Vers une parité euro-dollar pour Deutsche Bank AM 

Mais contrairement aux idées reçues, une victoire d'Emmanuel Macron ou de François Fillon ne devrait pas inverser cette tendance. Même si, en cas d'élection d'un des deux candidats, l'euro pourrait monter face au dollar dans un premier temps, cela ne ferait que retarder l'inévitable, à savoir la parité entre l'euro et le dollar, d'après les stratégistes de Deutsche Bank Asset Management. Ainsi, l'élection de Marine Le Pen ou de Jean-Luc Mélenchon, ne ferait qu'accélérer la spirale négative de la devise européenne face au billet vert.

Mais plus que le "risque" politique perçu par les marchés, c'est l'écart croissant entre les taux d'intérêt de la Fed et de la BCE, qui devrait ramener l'euro à la parité. Alors qu'en zone euro, les taux stationnent à 0% depuis 2016, et ne devraient pas être relevés de sitôt, ceux de la Fed en revanche devraient remonter petit à petit. Les analystes attendent d'ailleurs encore deux remontées de taux cette année, ce qui mécaniquement devrait encore renforcer le dollar face à l'euro. En effet, des taux d'intérêt plus élevés augmentent la valeur d'une devise par rapport à une autre car cela pousse les investisseurs à choisir la monnaie offrant le meilleur rendement (dans le cas présent, le dollar). 

Des analystes partagés

Mais tous les analystes ne partagent pas forcément cet avis. À commencer par Christopher Dembik, responsable de la recherche macroéconomique chez Saxo Bank, qui table sur un euro dollar entre 1,04 et 1,10 dollar dans les trois à six mois à venir. "C'est un beau rêve d'analyste que tout le monde évoque. Mais plusieurs éléments font qu'à notre avis cela n'arrivera pas. D'abord il faudrait, pour arriver à la parité qu'il y ait une différence de politique monétaire significative entre les États-Unis et l'Europe. Or force est de constater que la normalisation de la politique de la Fed et la poursuite d'une politique accommodante de la part de la BCE sont déjà anticipées dans les cours. Ensuite, il y a un élément macroéconomique: la zone euro affiche un excédent de ses comptes courants, c'est-à-dire qu'il y a davantage de flux de capitaux qui y entrent qui n'en sortent".

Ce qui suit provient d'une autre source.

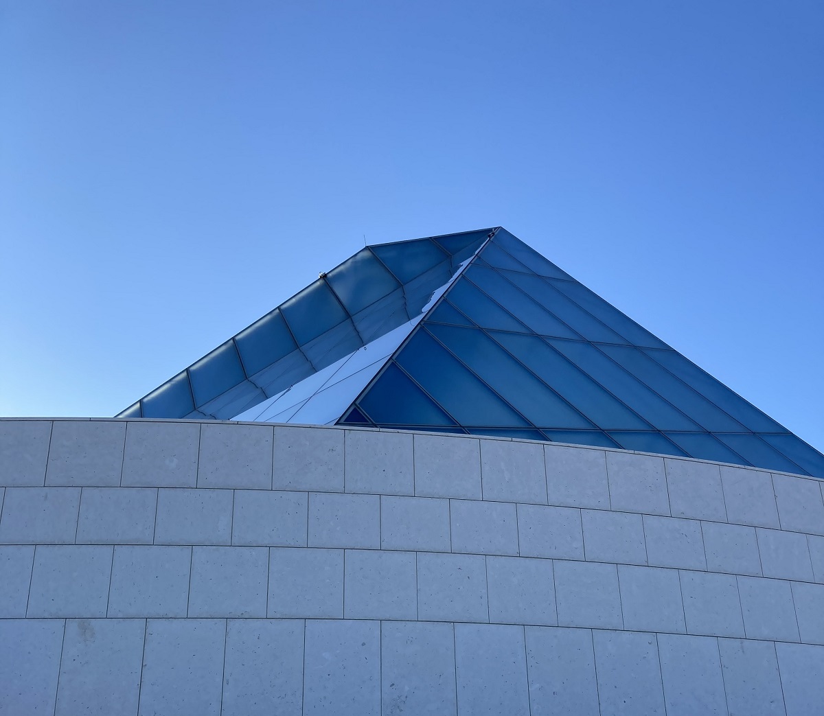 The sun setting in the west casts a shadow of the Big Heech sculpture on the front wall of the Aga Khan Museum on March 13, 2021. Photo: Malik Merchant/Simerg.
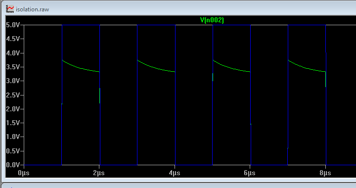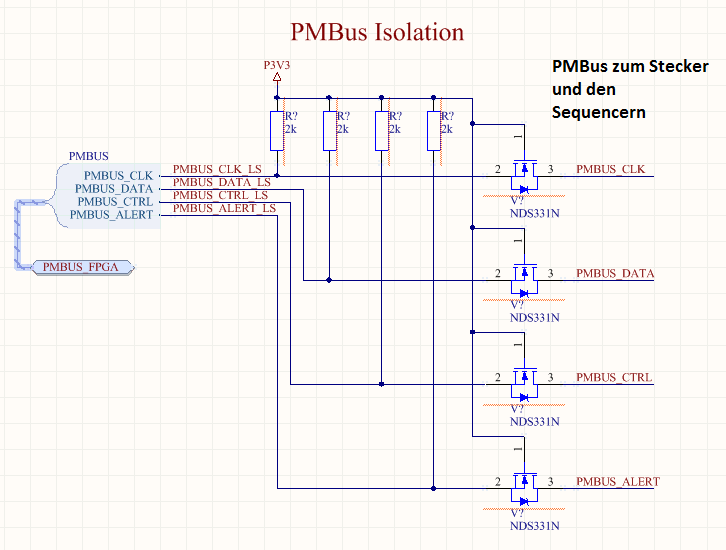 Hallo, ich habe auf einem Eval Board von Xilinx (das AC701) eine PMBus Isolator entdeckt, dessen Funktion mir nicht ganz ersichtlich ist. Vielleicht kann mir jemand helfen oder einen Tip geben wozu die Beschaltung gut ist. In der angehängten Grafik ist der Ausschnitt des Schaltplans zu sehen. Die linke Seite ist mit dem FPGA verbunden, dessen IOs an dieser Stelle mit 3,3V versorgt werden. Die rechte Seite der Schaltung ist mit einem Stecker verbunden, durch den man mit einem USB-Adapter auf den Bus zugreifen kann. Außerdem sind neben dem Stecker noch zwei Sequencer (UCD90120) auf dieser Seite des "Isolators" angebunden. Die rechte Seite wird ebenfalls mit 3,3V betrieben. Ich frage mich jetzt wozu dieser Isolator dient. Eine Möglichkeit wäre den Bus vor möglicher Überspannung (durch den USB-Adapter) schützen zu wollen. Könnte passieren, wenn jemand einen USB-Adapter mit 5V anschließt. Dann wären aber die Sequencer auch hinüber, weil die ja auch vor dem Isolator sind. Zudem hat der Isolator ja nur eine begrenzte Wirkung bei Überspannung. Ich hab das mal simuliert (siehe Anhang, blau: Spannung rechte Seite (5V), gelb: Spannung linke Seite). Ich würde behaupten der FPGA wäre durch die Überspannung bei den steigenden Flanken hinüber..? Wozu also diese Beschaltung?
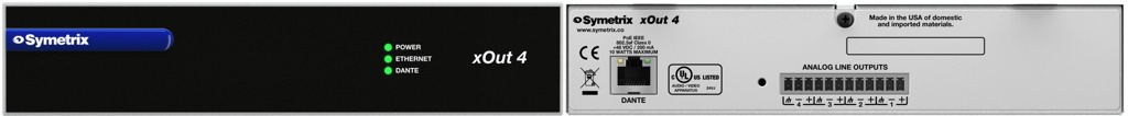 - Erhöht die Zahl der analogen Systemausgänge (D/A) in Dante®-fähige Symetrix DSP-Audiomatrizen
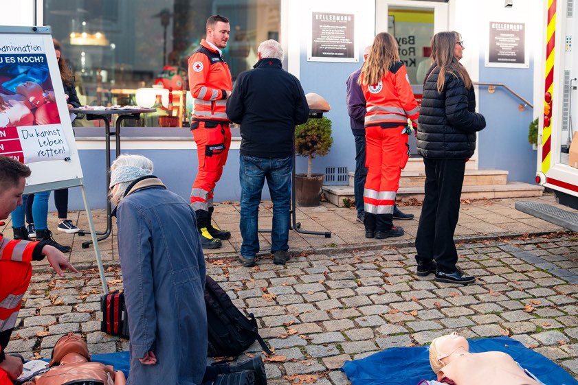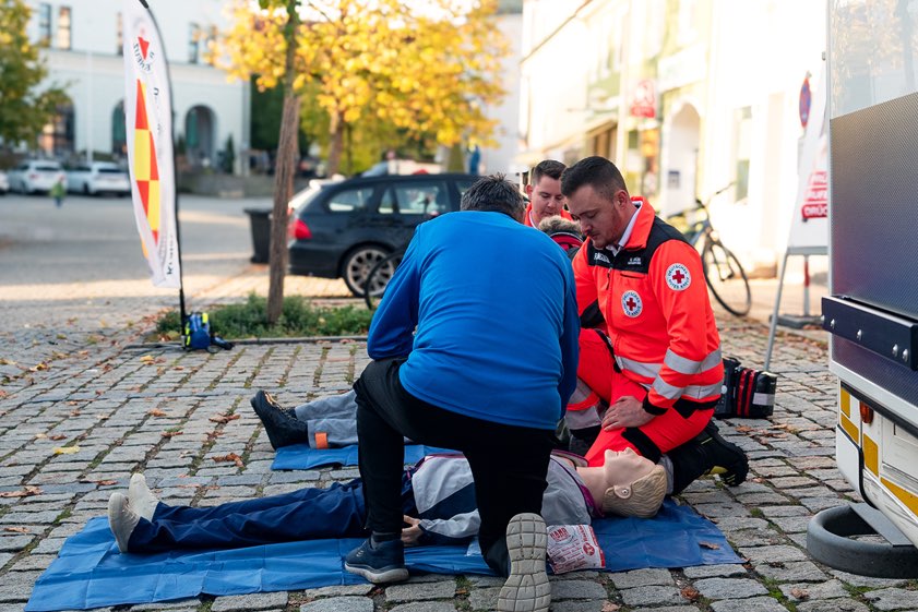 (ty) Als großen Erfolg wertet der BRK-Kreisverband von Pfaffenhofen seine Aktion, die er am Mittwoch am Marienplatz in Geisenfeld anlässlich des Welt-Reanimations-Tags veranstaltet hatte (Fotos). An zwei Übungspuppen hatten Passanten den Vormittag über die Gelegenheit, sich über Wiederbelebung zu informieren sowie unter der Anleitung von Rettungsdienst-Mitarbeitern auch die Herzdruck-Massage zu üben. "Die Resonanz war fantastisch und das Feedback der Bürgerinnen und Bürger war ausschließlich positiv", berichtet das Rote Kreuz.

Pour Nordine Naam également, cette hypothèse reste encore peu probable. "Arriver à la parité n'est pas impossible mais vraiment difficile. Il faudrait par exemple que Trump fasse une réforme fiscale canon et que l'activité américaine reparte encore davantage avec une forte confiance des ménages. Mais cela paraît compliqué: mercredi Donald Trump a appelé de ses vœux un dollar faible. Cela sera donc d'autant plus difficile que le président américain va batailler pour défendre sa monnaie".

S'il est difficile de dire que l'euro retombera à 1 dollar dans les mois à venir, la monnaie unique devrait tout de même rester sous pression jusqu'au premier tour de l'élection présidentielle, évoluant au gré des sondages favorables ou non aux duos Mélenchon-Le Pen et Macron-Fillon.